Malgré la demande de l’appelant de réduire la durée de l’ordonnance à deux ans, la Cour d’appel a maintenu la durée du traitement à trois ans tout en rappelant que le délai demandé dans ce type de dossier ne saurait être fixé selon des standards généraux, mais doit plutôt être évalué et personnalisé en fonction de la situation particulière de chaque patient. Par ailleurs, la Cour rappellera l’existence de deux mécanismes de révision en pareille matière, à savoir la révision biannuelle par le Conseil des médecins, dentistes et pharmaciens et la révision prévue à l’article 322 du C.p.c., qui permet à la Cour supérieure de réviser en tout temps une décision rendue en présence de faits nouveaux.

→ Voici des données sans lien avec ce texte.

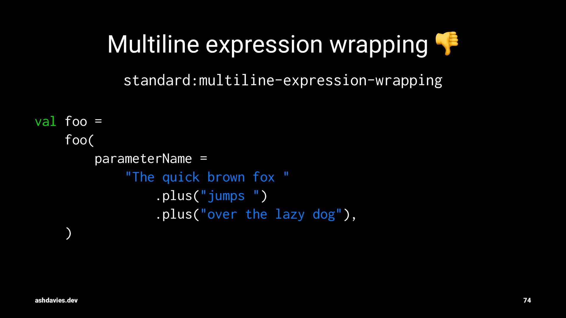"The quick brown fox " .plus("jumps ") .plus("over the lazy dog"), ) ashdavies.dev 74
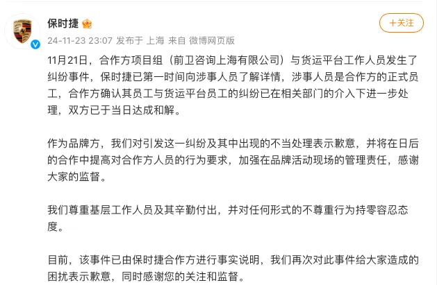 11月23日深夜,保时捷官方回应“合作方员工与货拉拉司机纠纷事件”,称合作方项目组(前卫咨询上海有限公司)与货运平台工作人员发生了纠纷事件,保时捷已第一时间向涉事人员了解详情,涉事人员是合作方的正式员工,合作方确认其员工与货运平台员工的纠纷已在相关部门的介入下进一步处理,双方已于当日达成和解。
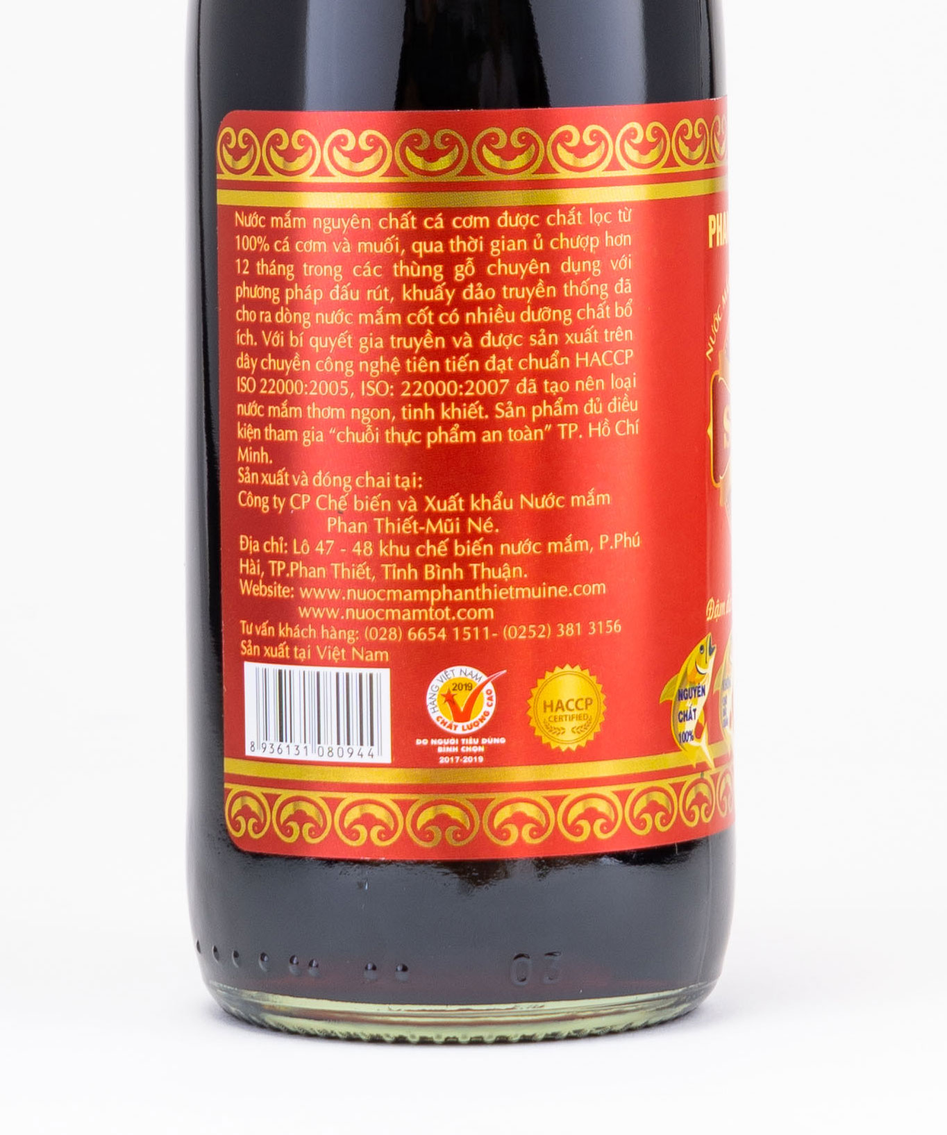Nước mắm Phan Thiết Mũi Né được chắt lọc từ 100% cá cơm tươi và muối. Với bí quyết gia truyền, được ủ chượp theo phương pháp truyền thống tự nhiên và sản xuất trên dây chuyền công nghệ tiên tiến quy trình khép kín, đạt tiêu chuẩn HACCP. Từ đó đã tạo ra dòng nước mắm nguyên chất cá cơm mang hương vị ĐẬM ĐÀ THƠM NGON - TINH KHIẾT BỔ DƯỠNG đạt chất lượng đúng theo tiêu chuẩn TCVN 5107 : 2003.

  1. D.A. c. Centre intégré de santé et de services sociaux des Laurentides, 2016 QCCA 1734.
  2. F.D. c. Centre universitaire de santé McGill (Hôpital Royal-Victoria), 2015 QCCA 1139.
  3. Id., par. 30.
  4. Code de procédure civile, RLRQ, c. C-25.01, art. 9 al. 3 et 17-20 (ci-après « C.p.c. »).
  5. Art. 395 C.p.c.
  6. D.A. c. Centre intégré de santé et de services sociaux des Laurentides, préc., note 1, par. 15.
  7. Jean-Claude Royer, La preuve civile, 4e éd., par Jean-Claude Royer et Sophie Lavallée, Cowansville, Éditions Yvon Blais, 2008, p. 339.